Updated June 21, 2021
An investment property is a piece of real estate acquired with the goal of deriving a return on the investment. As they are not intended to be primary residences, buyers intend to recoup their money from their investment via a resale of the property (usually following repairs or renovations), generating rental income from the property or a combination of the two. It is important to note that an investment property is not considered a vacation home, but is solely purchased for the intention of earning revenue. In general, it is purchased either by a single investor or a pair or group of investors.
A property that is flipped—purchased and renovated in a short period of time in order to put it back on the market—is not always considered an investment property, because it is done so with the goal to sell quickly to make a profit. Investment properties are bought with the goal of either earning some type of income, such as rental income, interest or dividends, or appreciating in value over an extensive period of time.
A residential investment property, which can generate monthly rents from tenants, includes anything that qualifies as a residential structure, such as single-family homes, apartments and condominiums.
An investment property is a piece of real estate acquired with the goal of deriving a return on the investment. Credit: Frederick Warren/Unsplash
In general, a commercial investment property is either a retail location or residential building. These properties are often favored by groups of investors, or even corporations, because their leases will elicit significantly higher rental income than a residential property. The drawback, however, is that improvements and upkeep will also be higher as well. But the advantage is that the revenue from the rental income should balance out the costs of investing in the commercial property.
A mixed-use investment property can be used both for residential and commercial uses at the same time. This kind of property could feature a retail storefront with the upper floors containing residential spaces.
Besides real estate, an investment property can also be defined as assets purchased with the intention of it gaining value over time, and could also apply to artwork, tracts of land, securities and collector’s items (i.e. classic cars, coins, currency and jewelry).
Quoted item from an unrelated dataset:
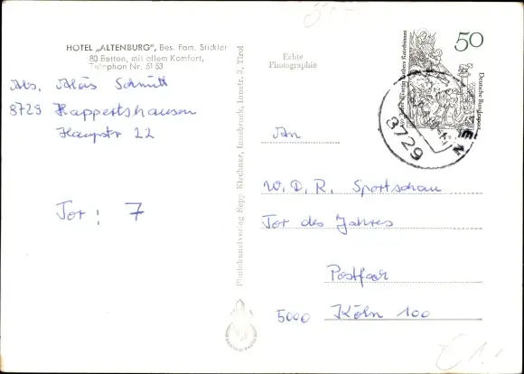 Zustand, siehe Scan, gelaufen- Inh. Fam. Stickler - ca 15 cm X 11 cm

It should be also noted that some buildings in metropolitan areas, such as New York City co-ops, cannot be purchased for investment purposes.
Mortgage Requirements for Investment Properties
When applying for a mortgage for an investment property, investors will be asked to provide the same documentation required for primary and vacation residences—tax returns, paycheck stubs and bank statements to confirm assets—and authorize a credit check.
Even so, the guidelines are much more strict for investment properties. Loan qualifications tend to require higher credit scores. Depending on whether applying for a fixed-rate or adjustable-rate mortgage, the minimum credit score falls between 640 and 680; whereas with a primary residence, it can be as low as 620. The borrower would likely also have to pay a higher interest rate, because investment properties are viewed as a larger risk than primary residences. A more significant down payment would be required as well, and would approximate between 15% and 25% of the purchase price.